You should see something like [‘CPU’, ‘GPU’, ‘NPU’] as the reply to that. Those are the available devices in OpenVINO. If you don’t see your device, make sure you installed the drivers correctly and troubleshoot it before continuing.

Next, we need a model. I’ll be using ResNet-50, one of the most well-known Convolutional Neural Network architectures, introduced in Microsoft’s 2015 paper “Deep Residual Learning for Image Recognition” It was trained on ImageNet-1K at a resolution of 224×224, meaning you can feed it an image of that size, and it will predict the probabilities for 1,000 different object categories. You can get the object names here.

Luckily, ResNet-50, optimised for OpenVINO, is available for download here. Just grab those two files, resnet50_fp16.xml, and resnet50_fp16.bin and place them in your working folder. If you want to try with another model, you can also do that. Make sure to run the OpenVINO optimiser on your model to get the best performance. I’m also going to use OpenCV for image loading and resizing, so let’s install it first, and make sure numpy is there as well:

pip install opencv-python numpy

Now let’s classify an image with this model. Write this into a file and save it as classify.py:

import openvino as ov
import numpy as np
import cv2

def classify_image():
    # Step 1: Load OpenVINO model
    core = ov.Core()
    model = core.read_model("resnet50_fp16.xml")
    compiled_model = core.compile_model(model, "CPU")  # Use "NPU" if available

    # Step 2: Get input tensor details
    input_layer = compiled_model.input(0)
    input_shape = input_layer.shape  # Should be (1, 3, 224, 224)

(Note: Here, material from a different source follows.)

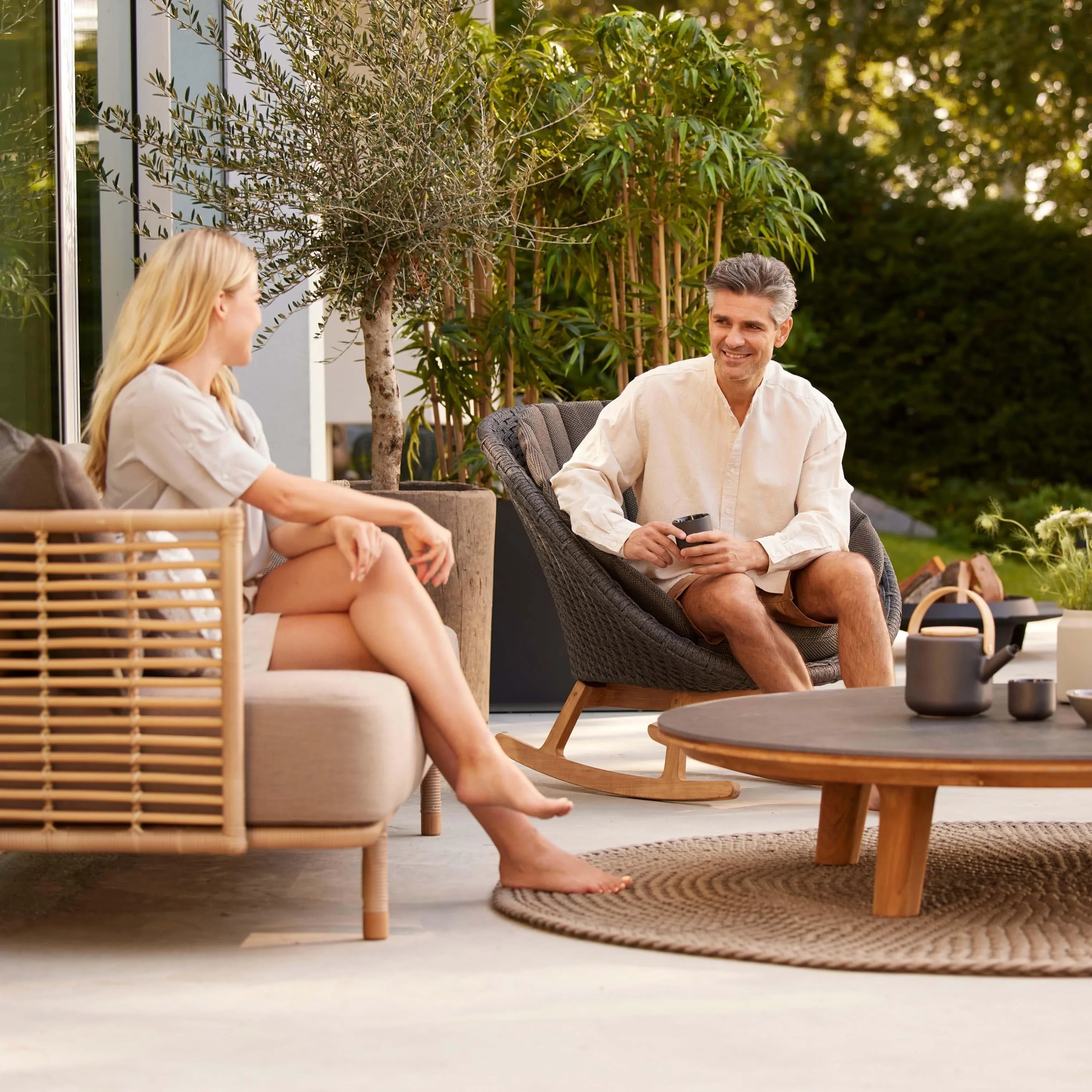 Avec le fauteuil à bascule Peacock, Cane-Line vous invite à vous asseoir et à vous détendre comme jamais auparavant. Quoi de plus agréable que de savourer un gin tonic fraichement préparé au milieu de la nature dans votre jardin, pendant que vous vous balancez lentement de haut en bas sur des patins incurvés en Téak de qualité A, la meilleure qualité sur le marché ?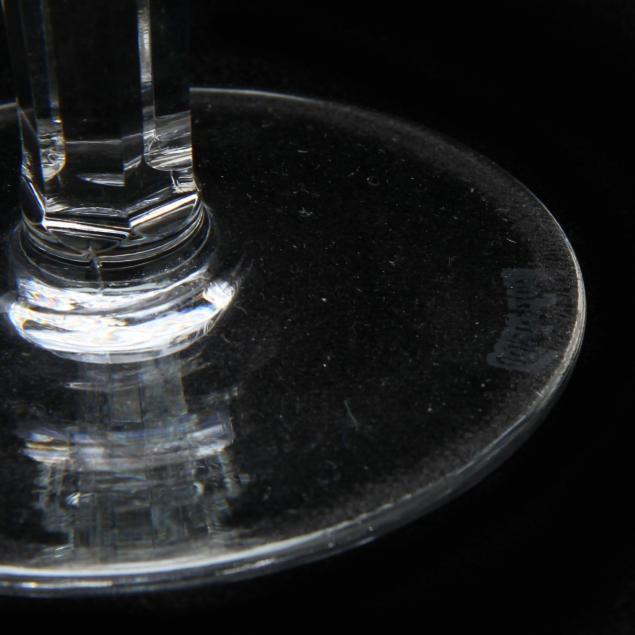 Cut diamond motif; to include four white wine glasses and four claret wine glasses, signed.

    # Step 3: Load and preprocess image
    image = cv2.imread("input.jpg")
    image = cv2.resize(image, (224, 224))  # Resize to match model input
    image = image[:, :, ::-1]  # Convert BGR to RGB (OpenCV loads as BGR)
    image = image.astype(np.float32) / 255.0  # Normalise to [0,1]
    image = np.transpose(image, (2, 0, 1))  # HWC to CHW
    image = np.expand_dims(image, axis=0)  # Add batch dimension

    # Step 4: Run the inference
    output = compiled_model(image)[compiled_model.output(0)]

    # Step 5: Process the results
    top_class = np.argmax(output)  # Get class index

    # Load ImageNet labels (remember to download the file)
    imagenet_labels = np.array([line.strip() for line in open("imagenet_classes.txt").readlines()])

    # Display result
    print(f"Predicted Class: {imagenet_labels[top_class]}")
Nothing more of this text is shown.